**Excerpted data:**

··········

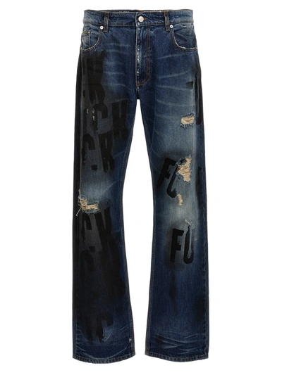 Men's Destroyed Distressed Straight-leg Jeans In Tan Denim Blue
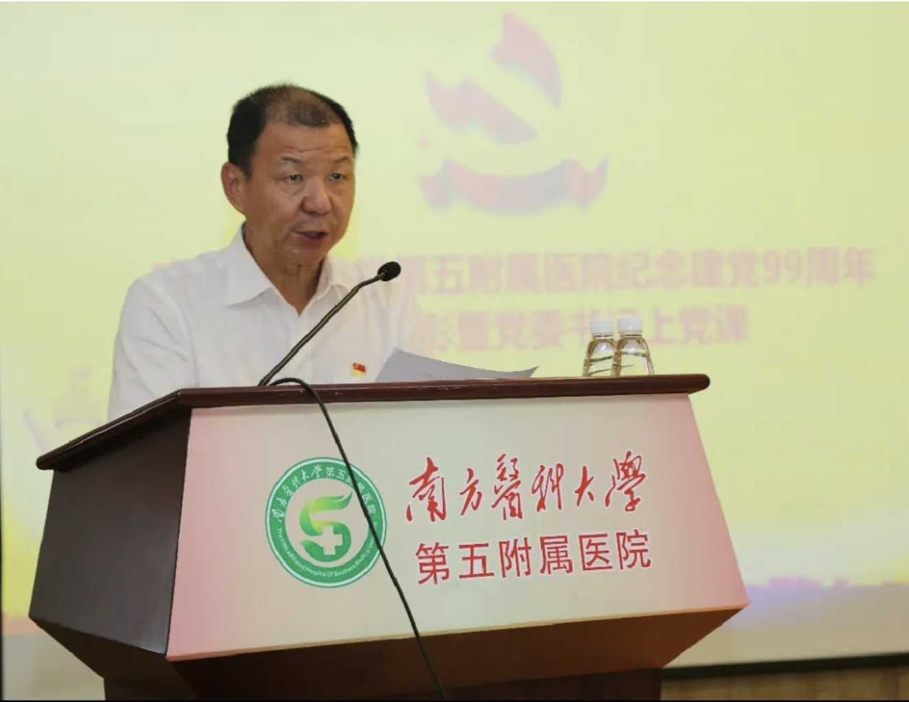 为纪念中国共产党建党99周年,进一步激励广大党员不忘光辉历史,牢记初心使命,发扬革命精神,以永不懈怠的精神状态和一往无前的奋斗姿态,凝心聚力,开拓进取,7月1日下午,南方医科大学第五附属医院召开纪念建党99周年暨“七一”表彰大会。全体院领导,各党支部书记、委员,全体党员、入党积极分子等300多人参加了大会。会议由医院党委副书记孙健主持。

··········

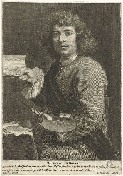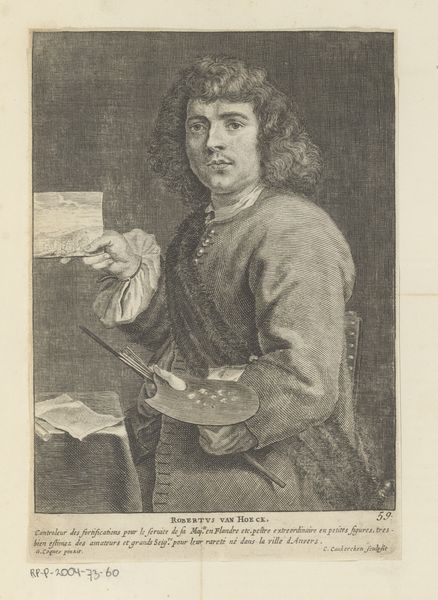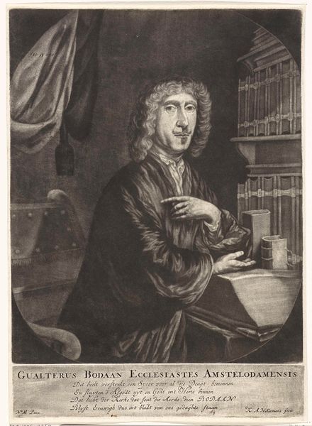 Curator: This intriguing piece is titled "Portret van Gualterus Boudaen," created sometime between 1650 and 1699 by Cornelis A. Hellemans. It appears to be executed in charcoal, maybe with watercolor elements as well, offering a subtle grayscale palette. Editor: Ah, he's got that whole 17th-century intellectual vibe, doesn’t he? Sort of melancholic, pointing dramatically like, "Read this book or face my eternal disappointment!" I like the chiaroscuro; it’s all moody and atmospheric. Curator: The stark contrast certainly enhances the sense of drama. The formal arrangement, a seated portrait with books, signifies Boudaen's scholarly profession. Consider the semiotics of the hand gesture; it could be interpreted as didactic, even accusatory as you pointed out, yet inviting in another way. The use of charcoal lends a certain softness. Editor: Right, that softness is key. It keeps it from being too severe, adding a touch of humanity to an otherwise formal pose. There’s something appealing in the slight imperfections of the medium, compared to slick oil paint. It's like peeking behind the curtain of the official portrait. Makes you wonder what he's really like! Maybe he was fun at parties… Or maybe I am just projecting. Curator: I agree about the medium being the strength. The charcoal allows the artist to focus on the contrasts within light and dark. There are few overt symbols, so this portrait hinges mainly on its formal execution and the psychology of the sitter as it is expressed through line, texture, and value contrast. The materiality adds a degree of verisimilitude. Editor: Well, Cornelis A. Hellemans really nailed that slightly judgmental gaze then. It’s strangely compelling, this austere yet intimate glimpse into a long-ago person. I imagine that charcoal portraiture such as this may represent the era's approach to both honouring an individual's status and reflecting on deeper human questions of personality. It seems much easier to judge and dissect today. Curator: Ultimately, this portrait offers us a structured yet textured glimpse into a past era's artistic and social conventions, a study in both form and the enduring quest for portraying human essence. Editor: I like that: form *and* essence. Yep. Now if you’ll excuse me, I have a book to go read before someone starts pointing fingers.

··········

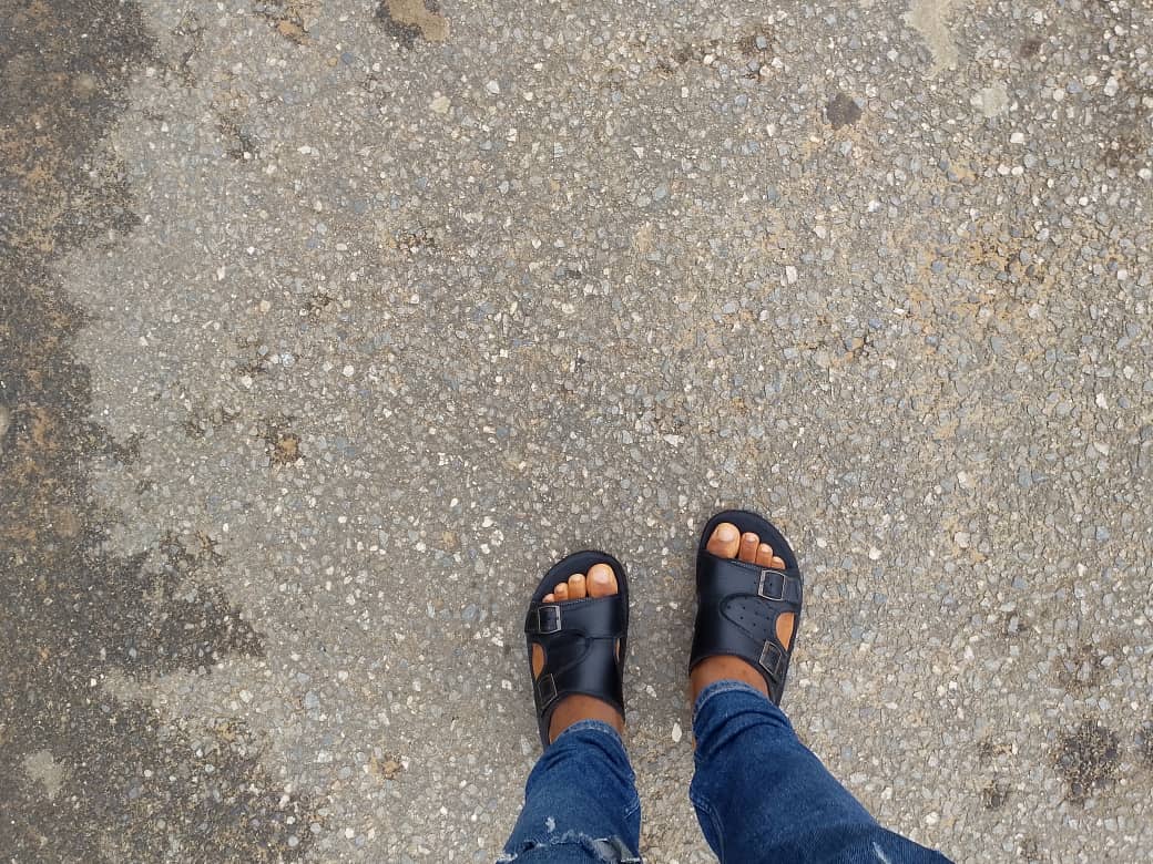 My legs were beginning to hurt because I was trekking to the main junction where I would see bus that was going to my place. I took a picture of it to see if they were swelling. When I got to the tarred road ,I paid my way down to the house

··········

In the listing above, find the line holding "Men's Destroyed Distressed" and the line holding "为纪念中国共产党建党99周年". Reproduce those two lines and all between them exactly, leaving out pictures.

**Answer space:**
 Men's Destroyed Distressed Straight-leg Jeans In Tan Denim Blue
 为纪念中国共产党建党99周年,进一步激励广大党员不忘光辉历史,牢记初心使命,发扬革命精神,以永不懈怠的精神状态和一往无前的奋斗姿态,凝心聚力,开拓进取,7月1日下午,南方医科大学第五附属医院召开纪念建党99周年暨“七一”表彰大会。全体院领导,各党支部书记、委员,全体党员、入党积极分子等300多人参加了大会。会议由医院党委副书记孙健主持。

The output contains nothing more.